Define:
$$ I(n) = \sqrt{n}\int_{-\infty }^{\infty} \frac{1}{( 1+x^{2})^n} \, dx$$
I have to show that:
$$ \lim\limits_{n\to\infty}\sqrt{n} I(n) = \sqrt{\pi} $$
Classical solution:
Based on this answer we have a closed form for the integral:
$$ I(n) = \sqrt{\pi}\,\frac{\Gamma\left(n-\frac{1}{2}\right)}{\Gamma(n)}$$
Also from here we get:
$$\sqrt{n}\,\frac{\Gamma\left(n-\frac{1}{2}\right)}{\Gamma(n)} \to 1 \quad \text{as} \quad n \to \infty $$ Any other methods?
On
Note that $I_n=2\int_0^{\infty}{\frac{dx}{(1+x^2)^n}}$
Use substitution $t=\tan u$ and obtain: $$\int_0^{\infty}{\frac{dt}{(1+t^2)^n}}=\int_{0}^{\frac{\pi}{2}}{({\cos{u})^{2n-2}}du}=W_{2n-2}\sim\frac12\sqrt{\frac{\pi}{n-1}}$$ see Wallis’s Integral.
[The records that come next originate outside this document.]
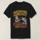 Esta camiseta preta mostra uma ilustração animada de uma pessoa alegre vestindo um boné vermelho e branco e um colete de pesca, enrolando em um peixe saltante. Acima da ilustração, o texto "WEEKEND FORECAST" é escrito em caracteres amarelo-negrito. Abaixo, a palavra "pesca" é exibida com uma letra azul e vermelha estilizada, seguida de "WITH A CHANCE OF Beer" com uma letra vermelha menor. O fundo mostra um lago estilizado ou cena oceânica. Esta design sugere brincadeira um plano de fim de semana que combina pesca com o prazer da cerveja.
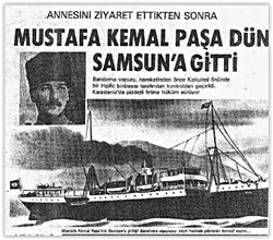 19 Mayıs 1919 - Mustafa Kemal Paşa'nın 9. Ordu Müfettişi olarak Anadolu'ya Samsun'dan ayak basması ve Millî Mücadele'yi başlatması.
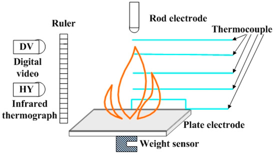 It is necessary to obtain the statistical law of the shape and size of vegetation combustion particles for simulation. The heat release rate and temperature distribution of vegetation combustion also need to be measured. The experimental arrangement of typical vegetation combustion and measurement is shown in Figure 1. The vegetation is placed on a plate electrode. A weight sensor is placed below the plate electrode to measure the rate of vegetation mass loss during combustion. Then the heat release rate can be calculated by combining the burning calorific value of different vegetation. The varied process of flame shape and height change is photographed and recorded, combined with a digital camera and ruler. An infrared thermal imager can be used to photograph the temperature distribution of the whole flame. At the same time, the thermocouple array can record the temperature values at different heights in the flame. Rod electrodes are suspended directly above the vegetation and applied with DC voltage.
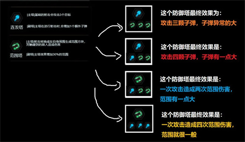 3、在一个塔基中可以同时放入一个主防御塔与三个次防御塔,构成一个整体,根据次防御塔的类型不同,主防御塔的攻击方式也会发生变化;
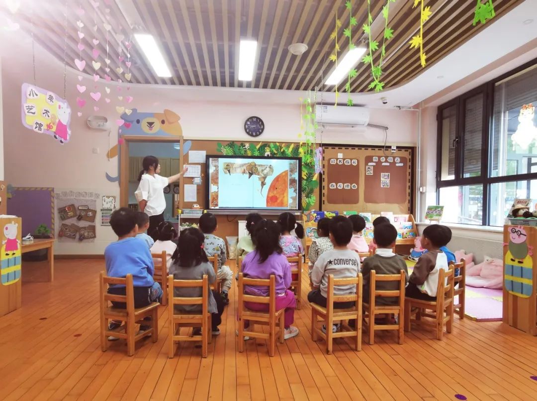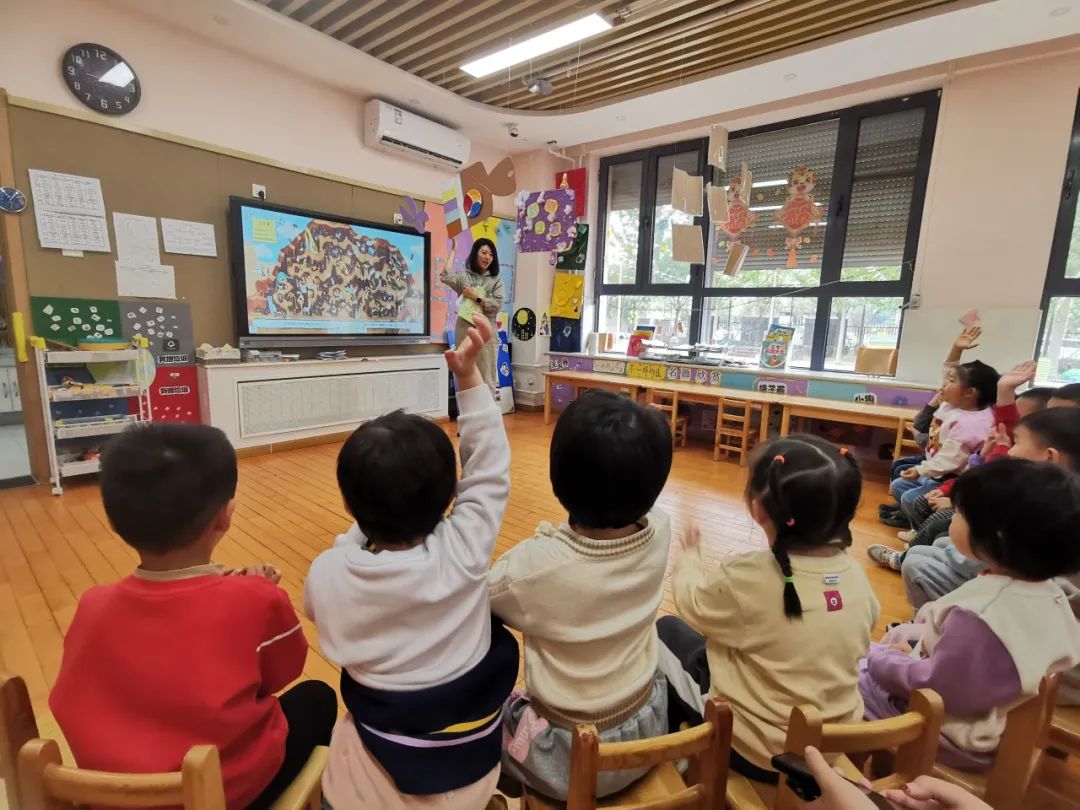 谁说读书一定要正襟危坐?看!祈东园的老师盘起腿坐在地垫上,与孩子们一起成为并肩的探险队友、一起解读建筑的奥秘、一起讨论着最佳的寻宝路线。“嘘——你们听见霸王龙的脚步声了吗?”当安老师压低嗓音晃动绘本时,所有孩子都不自觉缩起了脖子,将自己带入绘本中,用小耳朵专注地在听霸王龙的脚步……

Thus: $$\sqrt{n}I(n)\sim\sqrt{\pi\frac{n}{n-1}}$$
(Migrated from comment) Using the substitution $\sqrt{n}x=u$, we get
$$ \sqrt{n} I(n) = \int_{-\infty}^{\infty} \left(1 + \frac{u^2}{n}\right)^{-n} \, \mathrm{d}u.$$
Since $(1 + u^2/n)^n \geq 1 + u^2$, the above integrands are dominated by the integrable function $1/(1+u^2)$, and so, by the dominated convergence theorem,
$$\lim_{n\to\infty}\sqrt{n} I(n) = \int_{-\infty}^{\infty} \lim_{n\to\infty} \left(1 + \frac{u^2}{n}\right)^{-n} \, \mathrm{d}u = \int_{-\infty}^{\infty} e^{-u^2} \, \mathrm{d}u = \sqrt{\pi}.$$